*MATERIAL PROVIDED:*
————
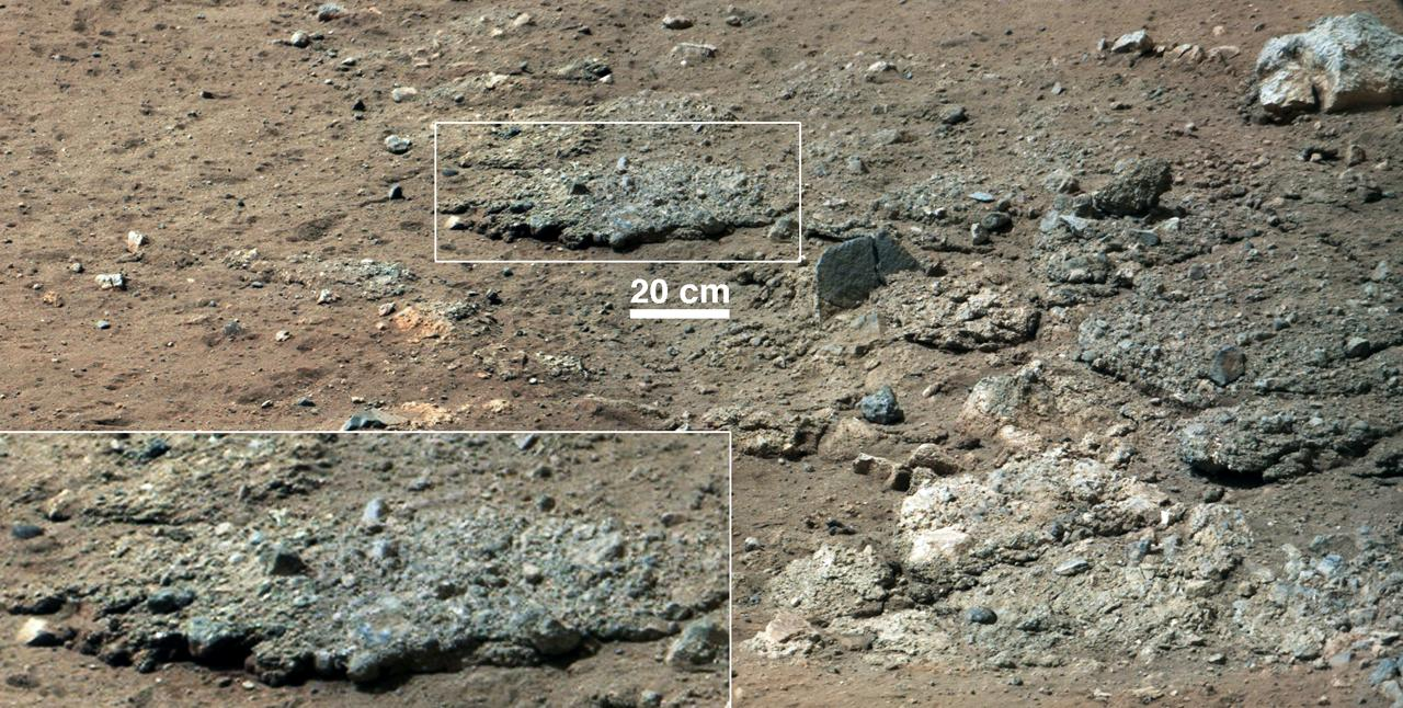 09.27.2012 Best View of Goulburn Scour This image from NASA's Curiosity Rover shows a high-resolution view of an area that is known as Goulburn Scour, a set of rocks blasted by the engines of Curiosity's descent stage on Mars. It shows a section from a mosaic of a pair of images obtained by Curiosity's 100-millimeter Mast Camera, with three times higher resolution than previously released. Details of the layer of pebbles can be seen in the close-up. These two images were the first views of this sandy conglomerate, a sedimentary layer laid down by water in the very distant past and uncovered in August 2012 during the rover's landing. The inset magnifies the area by a factor of two. Mastcam obtained these images on Aug. 19, 2012, or the 13th sol, or Martian day, of Curiosity's surface operations.
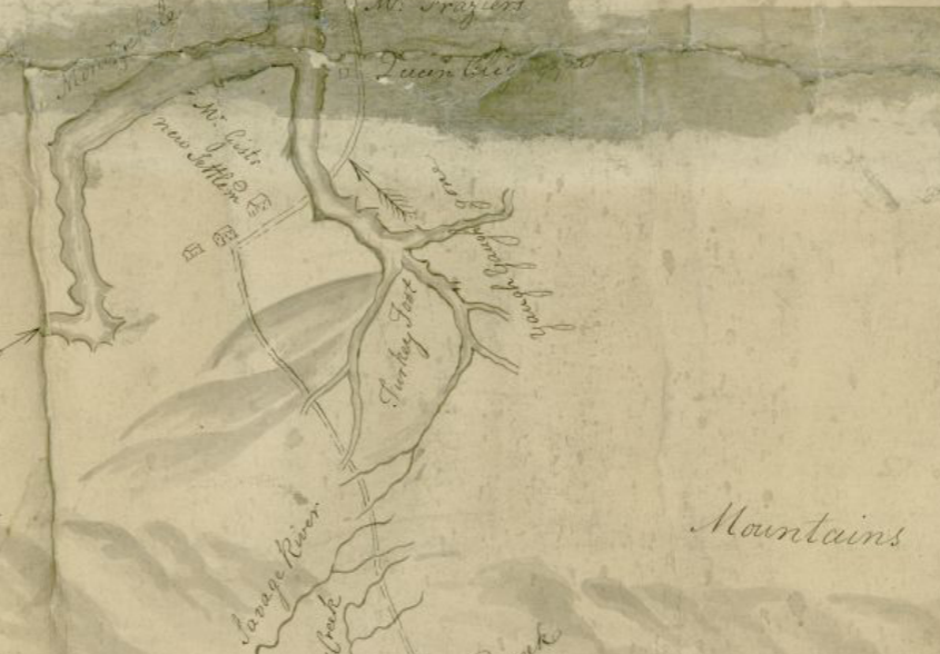 A handrawn map of the Somerset region by George Washington from (DARMAP0214)
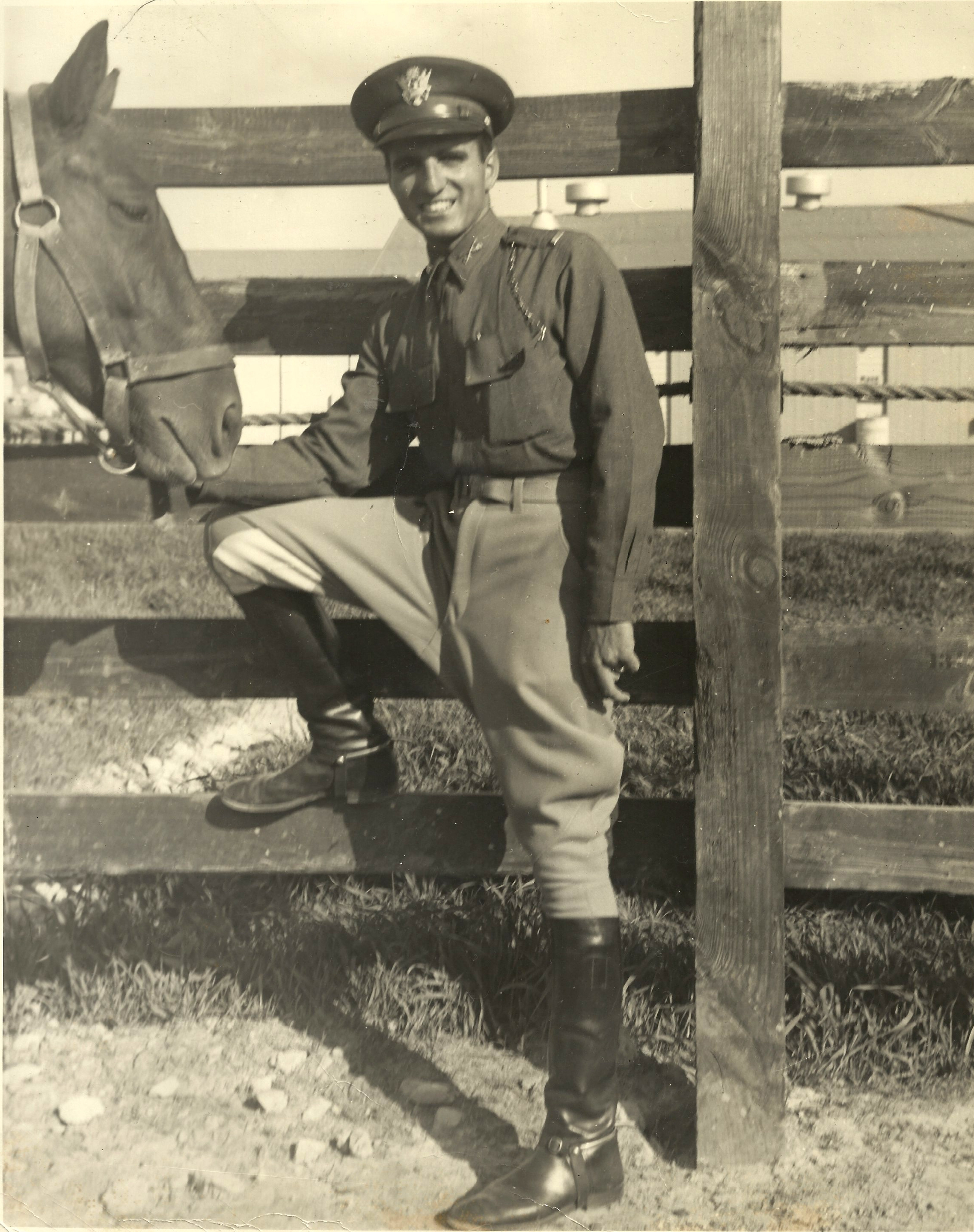 Picture of Arthur Korf taken at Fort Howze, TX
————
*THE TASK:*
An exact restatement is expected of the lines from the line containing "A handrawn map" to the end of the data above, pictures excluded.

*SOLUTION BELOW:*
 A handrawn map of the Somerset region by George Washington from (DARMAP0214)
 Picture of Arthur Korf taken at Fort Howze, TX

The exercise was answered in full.